As the title says, in a graph where the distance of going between two nodes is the concatenation of the strings in the edges along the path between this two verticesm, and we want to find the lexicographically shortest distance, what distance function and which algorithm can we use to solve this kind of problems?
I was trying to solve this problem, and implement a code which uses the Floyd-Warshall algorithm, but there is a problem with cases like this:
V = 3, E = 3, s = 0, e = 2 0 -> 1 a 0 -> 1 ab 1 -> 2 c
The code returns "ac", but the right answear is "abc".
1) For each node you can determine, if "gold node" is reachable from it. You can do it with 1 bfs with reversed edges from "gold node"

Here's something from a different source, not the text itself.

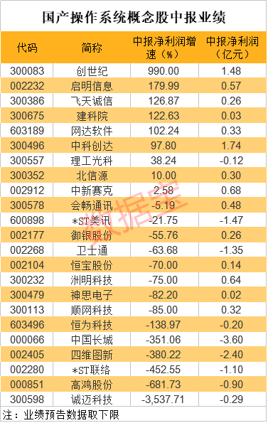 国产操作系统概念股中,22股已发布了中报或业绩预告,创世纪、启明星辰、飞天诚信、建科院、网达软件上半年净利润或预告净利润翻番。

2) Start from start node, always select smallest lexicographically edge leading to a vertex from which the “gold node” is reachable. (Thx for Endagorion) 3) If you find cycle, it's "NO".
I think you can discard nodes from which the gold node isn't reachable after doing the reversed bfs to avoid that case. And how to handle cases where an edge is prefix of another?
In 2nd step you should choose edge u->v, only if from v you can reach "gold node". For this check we do 1st step with bfs from last node :)
In a case like
4 4 0 3 0 1 ab 0 2 ab 1 3 c 2 3 d
it can fail depending on which edge you choose.
Ok, 1 sec, need to check.
Now I got AC at Aizu OJ (http://judge.u-aizu.ac.jp/onlinejudge/description.jsp?id=1169) using Bellman Ford starting from the destiny node. This gives TLE in TJU OJ so there must be some faster method.
EDIT: finishing the algorithm when finding a cycle reduced the time, AC now.
2) needs to be like that: Start from start node, always select smallest lexicographically edge leading to a vertex from which the "gold node" is reachable.